About this exercise » Output word for word the lines from the one with "Wiña Kangaroo Chest" to the final line of the data, both ends included, but skip the pictures.

Data records:
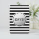 Cartão de RSVP de casamento com listras preto e branco e folha de prata. Itens correspondentes disponíveis.
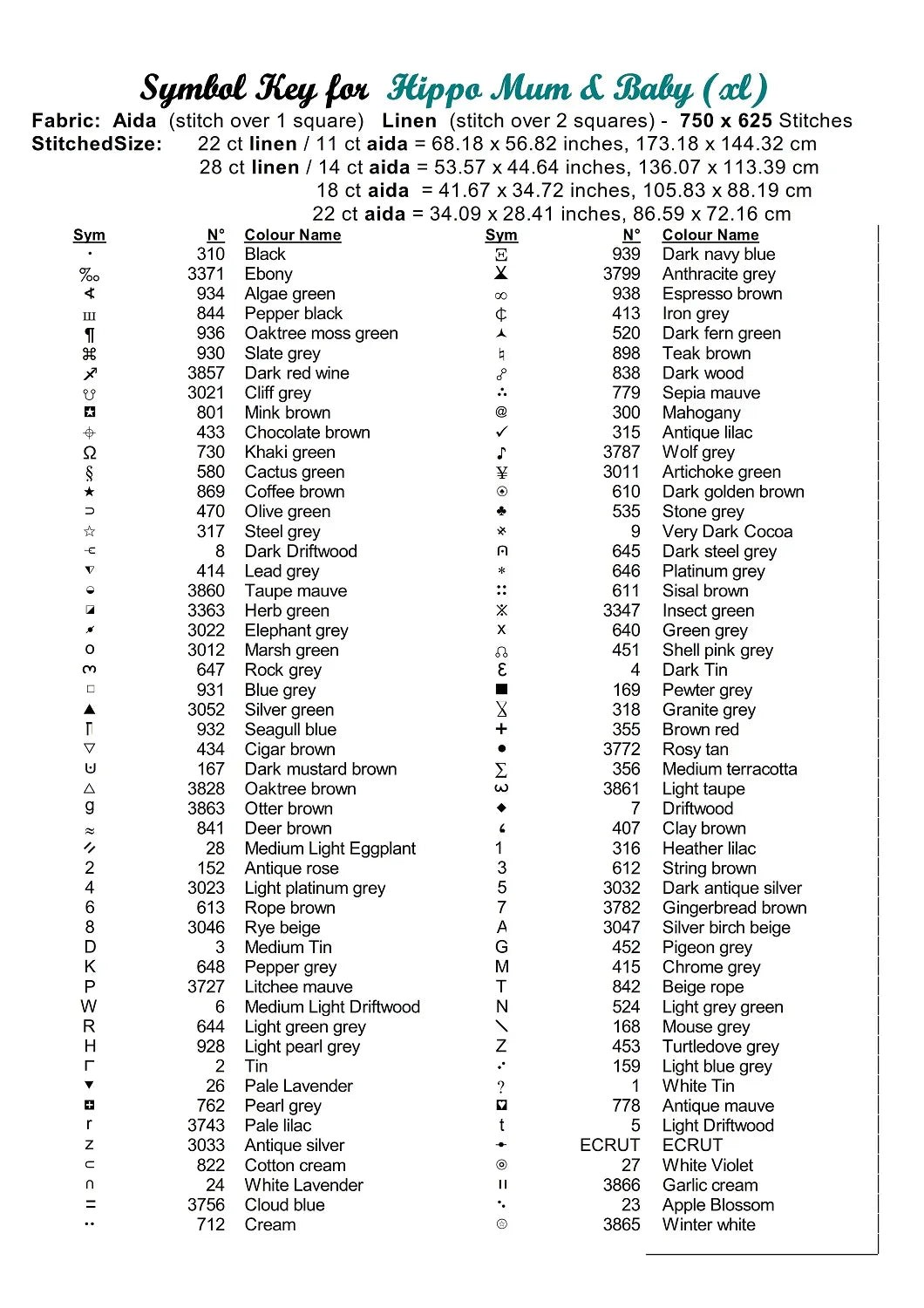 …Thread shopping list for all aida sizes stated
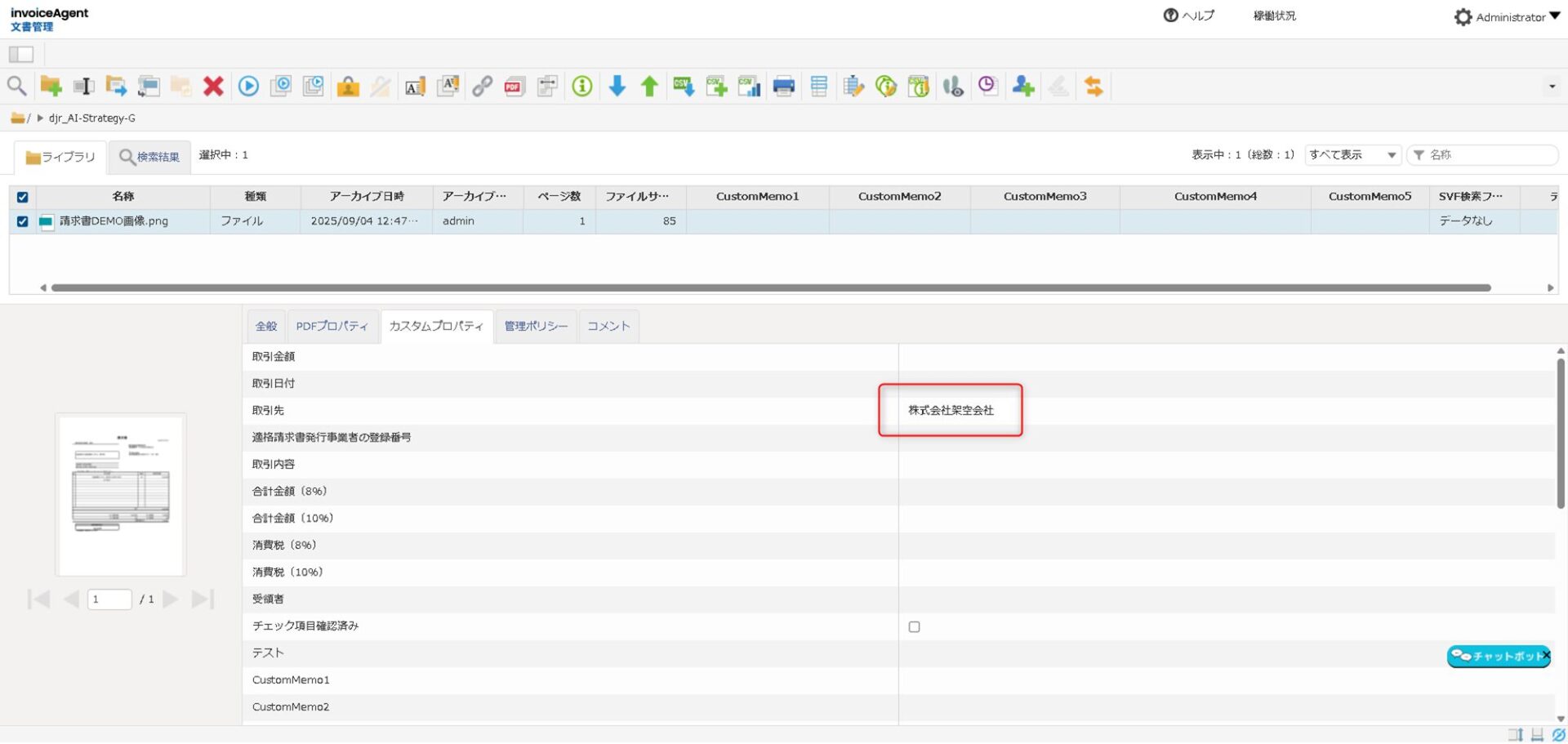④ invoiceAgent のファイルの「取引先」に、生成 AI が抽出した情報が追記されました。
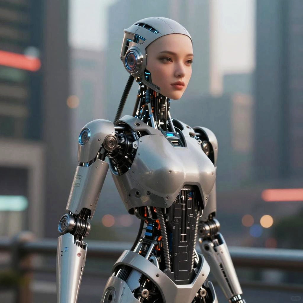 A highly detailed, photo-realistic image of a mechanical girl with a human-like face and advanced robotic body. The figure features mechanical limbs, intricate joints, and a sleek white exterior. The background displays a high-tech laboratory environment with computer monitors and scientific equipment.
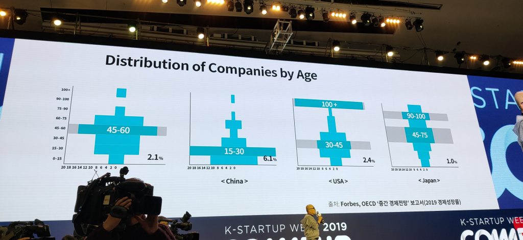 Bongjin也共享了他对韩国在未来立异方面的观点。关于现在韩国立异遇到的问题,他比较了全球几个首要商场中企业的的建立时刻。我国公司的前史大部分都是15-30年,所以十分年青化;日本的公司前史会集在45-75年,百年老店也许多;他以为美国的状况最为健康,有百年老店而大部分在30-45年也相对老练;而反观韩国大部分公司都会集在45-60年,韩国却需求更多的年青公司。
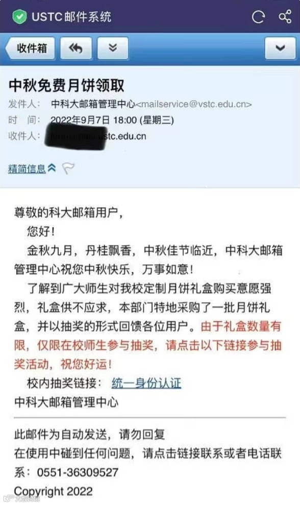 “免费送月饼”的“钓鱼”邮件
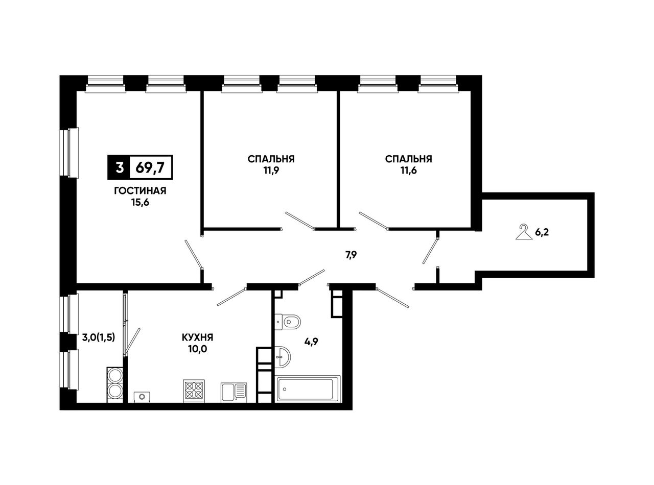 3-комнатная — 69,7 м² 15/24 эт. в Резиденция Софи
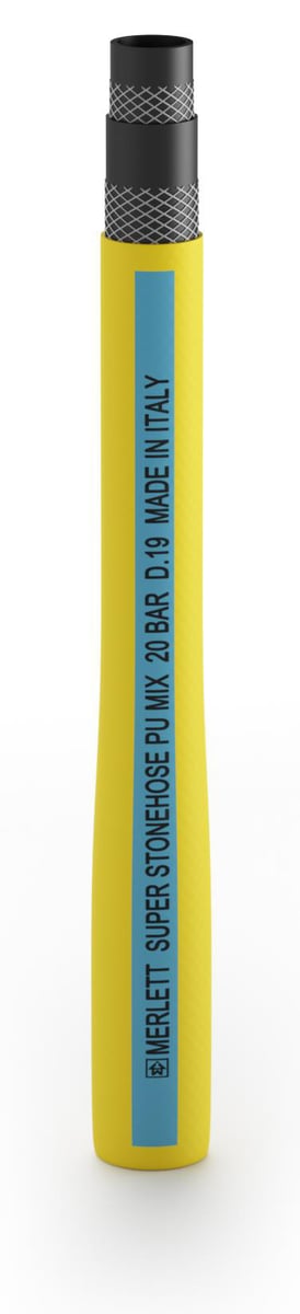 Kraftig gul trykluftslange med PU belægning. Glat indvendigt og udvendigt. Ekstremt slidstærk. Klippezone for hver 15 eller 20 meter. Standard er 20 meter.
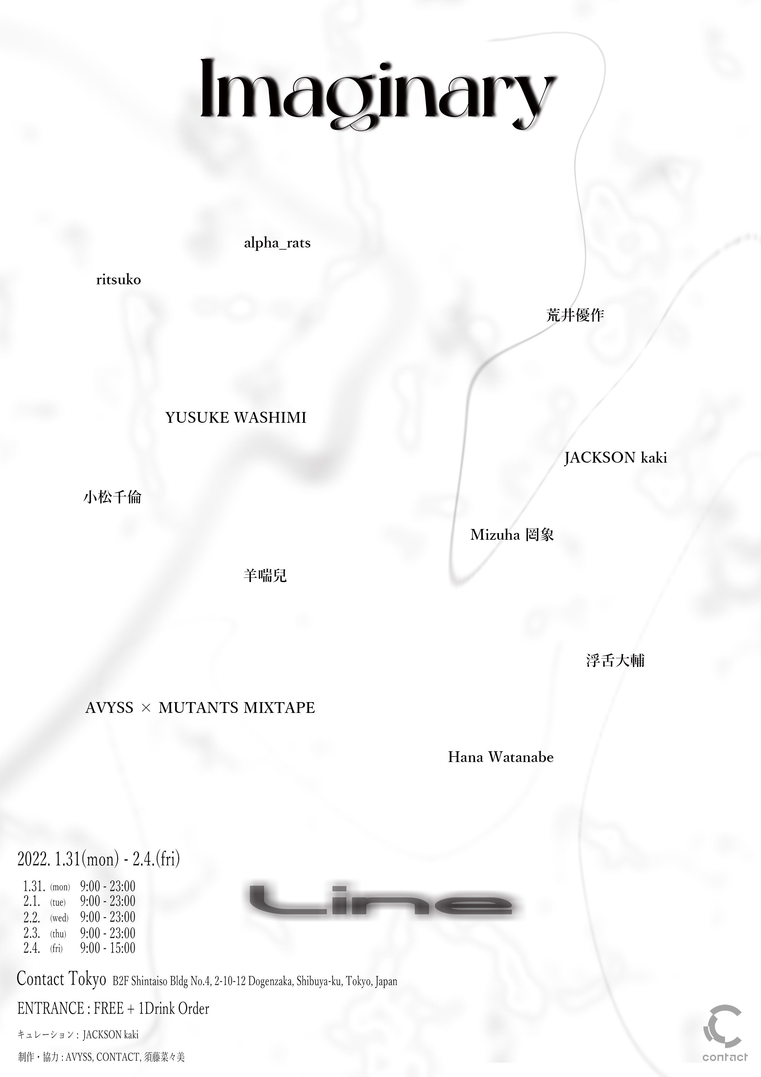 「Imaginary Line」は、クラブ Contact Tokyoを舞台とし、コンピューター・デジタルテクノロジー誕生以降を生きるアーティストをキュレーションした展示企画です。
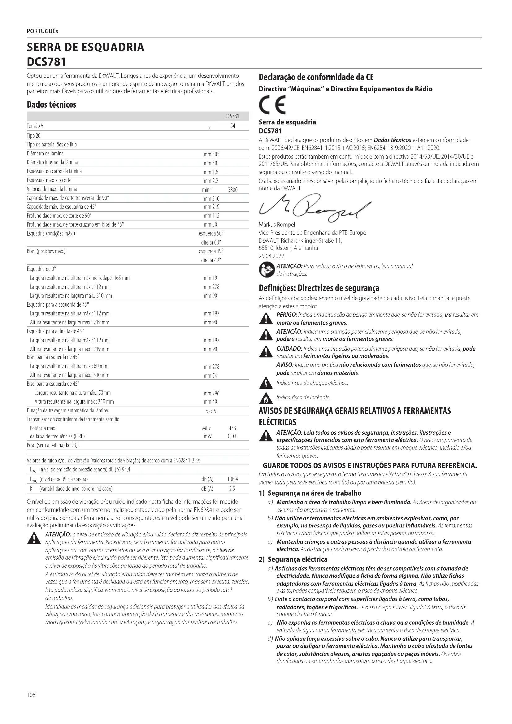 ATENÇÃO: o nível de emissão de vibração e/ou ruído declarado diz respeito às principais aplicações da ferramenta. No entanto, se a ferramenta for utilizada para outras aplicações ou com outros acessórios ou se a manutenção for insuficiente, o nível de emissão de vibração e/ou ruído pode ser diferente. Isto pode aumentar significativamente o nível de exposição às vibrações ao longo do período total detrabalho. A estimativa do nível de vibração e/ou ruído deve ter também em conta o número de vezes que a ferramenta é desligada ou está em funcionamento, mas sem executar tarefas. Isto pode reduzir significativamente o nível de exposição ao longo do período total detrabalho. Identifique as medidas de segurança adicionais para proteger o utilizador dos efeitos da vibração e/ou ruído, tais como: manutenção da ferramenta e dos acessórios, manter as mãos quentes (relacionado com a vibração), e organização dos padrões detrabalho. Declaração de conformidade da CE Directiva “Máquinas” e Directiva Equipamentos de Rádio Serra de esquadria DCS781 A DeWALT declara que os produtos descritos em Dados técnicos estão em conformidade com: 2006/42/CE, EN62841‑1:2015 +AC:2015; EN62841‑3‑9:2020 + A11:2020. Estes produtos estão também em conformidade com a directiva 2014/53/UE; 2014/30/UE e 2011/65/UE. Para obter mais informações, contacte a DeWALT através da morada indicada em seguida ou consulte o verso domanual. O abaixo assinado é responsável pela compilação do ficheiro técnico e faz esta declaração em nome daDeWALT. Markus Rompel Vice‑Presidente de Engenharia da PTE‑Europe DeWALT, Richard‑Klinger‑Straße 11, 65510, Idstein, Alemanha
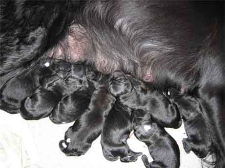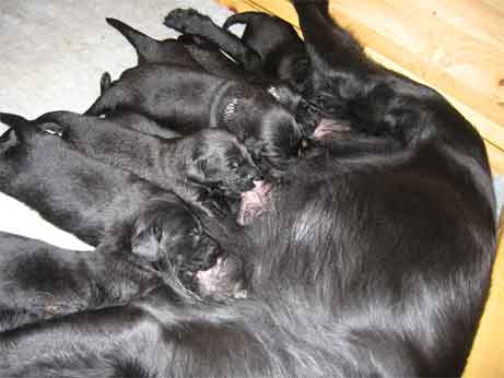 22.09.05 Nå er trollene blitt 2  døgn gamle. Når Kellie "slipper" melken så ser vi halene heiser seg i en bue på alle  ,og de slurper i vei. Kellie er fremdeles mest hos barna sine. Ville ikke være med på tur i dag heller. :-)
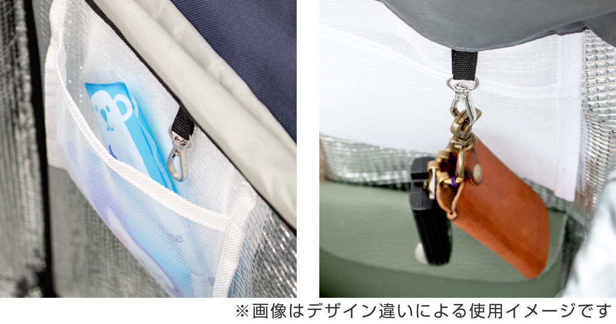 内側にメッシュ製のポケットが付いています。保冷剤を入れておくのがおすすめです。フックにはカバンの中で迷子になりがちな鍵をつけておくも便利です。また、小さな袋をぶら下げて荷物の分別にもお使いいただけます。
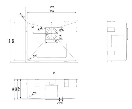 DeRicci HMSQ5040R15 Lavello serie Professional - Acciaio inox 54x44x21cm
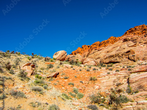 © VKari, Fototapeta premium A canyon with a mountain in the background. Large brown slopes.
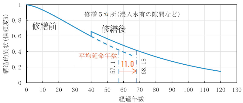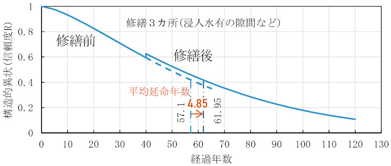 10カ所の異状のうち、管理的異状である浸入水の原因となる隙間、クラックの3カ所を修繕した場合の信頼度曲線は図-1の通りである。
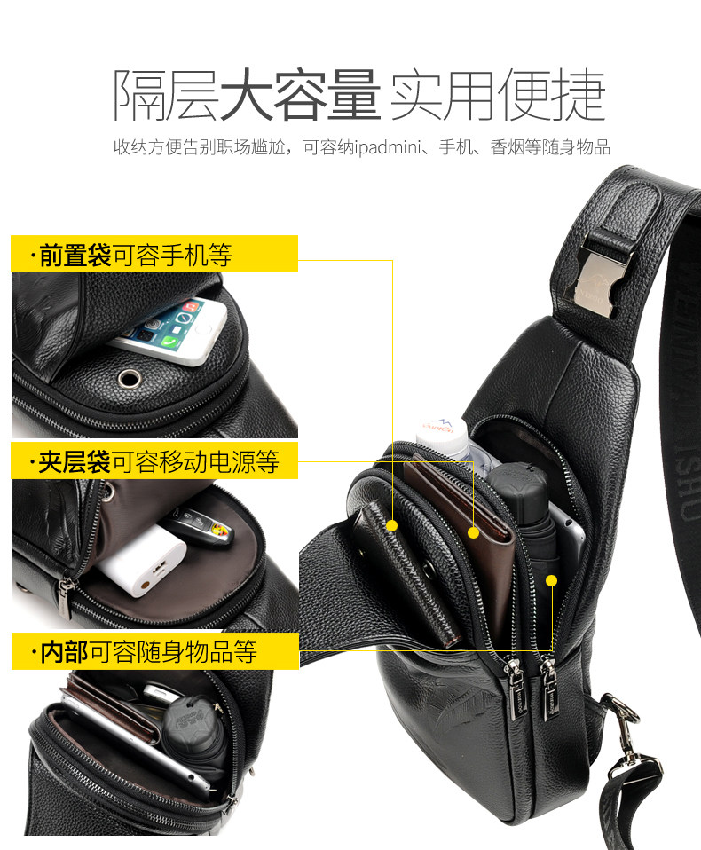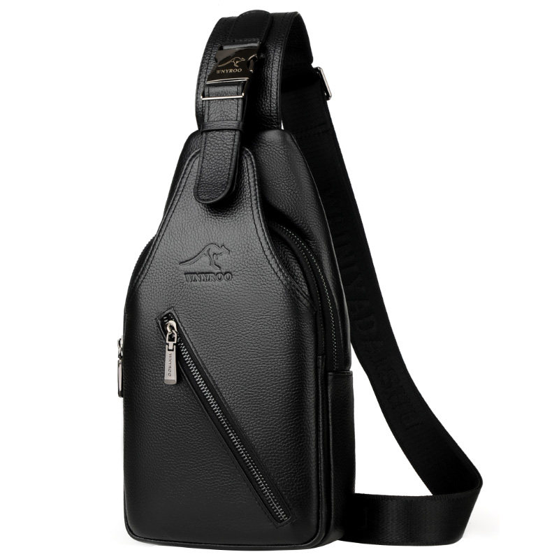 Wiña Kangaroo Chest Bag Men Genuine Leather Men's Bag Bag Single Shoulder Sloped Satchel Wave Casual New Chest Front Bag Men's Bag
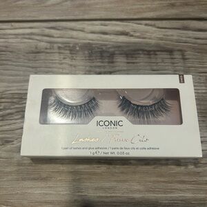 Brand new, in box. Elevate your eye makeup with ICONIC London's black lashes, designed to offer a natural, wispy look. These synthetic lashes feature a medium length and density, perfect for both everyday wear and special occasions. The clear or black curved band ensures a seamless blend with your natural lash line, providing a dimensional, fluttery effect.
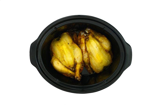 Pincela los pollitos con aceite de oliva, espolvorea con sal y pimienta, y colócalos en el slow cooker.
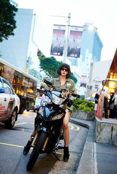 배우 한예슬이 핫팬츠에 오토바이를 타고 있는 사진이 공개돼 시선을 모았다.
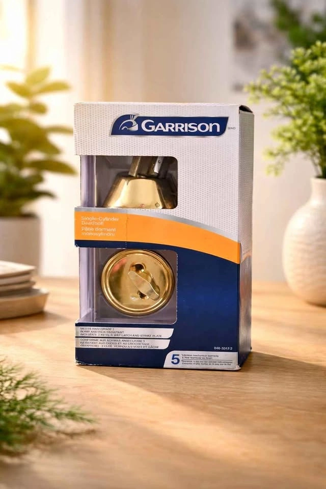 Secure your home with these brand-new Garrison Single-Cylinder Deadbolts. These are high-security locks designed for durability and ease of installation. They feature a polished brass finish and are engineered to meet strict safety standards. Meets ANSI Grade 3 standards for residential security. Specially designed to be both bump and pick resistant. Each box includes 2 keys, a 6-way adjustable latch, and the strike plate. Features a lifetime mechanical warranty and a 5-year warranty on the finish. These are reliable, professional-grade deadbolts perfect for a home upgrade or a rental property. Pick Up: Victoria.

Task solution »
 Wiña Kangaroo Chest Bag Men Genuine Leather Men's Bag Bag Single Shoulder Sloped Satchel Wave Casual New Chest Front Bag Men's Bag
 Brand new, in box. Elevate your eye makeup with ICONIC London's black lashes, designed to offer a natural, wispy look. These synthetic lashes feature a medium length and density, perfect for both everyday wear and special occasions. The clear or black curved band ensures a seamless blend with your natural lash line, providing a dimensional, fluttery effect.
 Pincela los pollitos con aceite de oliva, espolvorea con sal y pimienta, y colócalos en el slow cooker.
 배우 한예슬이 핫팬츠에 오토바이를 타고 있는 사진이 공개돼 시선을 모았다.
 Secure your home with these brand-new Garrison Single-Cylinder Deadbolts. These are high-security locks designed for durability and ease of installation. They feature a polished brass finish and are engineered to meet strict safety standards. Meets ANSI Grade 3 standards for residential security. Specially designed to be both bump and pick resistant. Each box includes 2 keys, a 6-way adjustable latch, and the strike plate. Features a lifetime mechanical warranty and a 5-year warranty on the finish. These are reliable, professional-grade deadbolts perfect for a home upgrade or a rental property. Pick Up: Victoria.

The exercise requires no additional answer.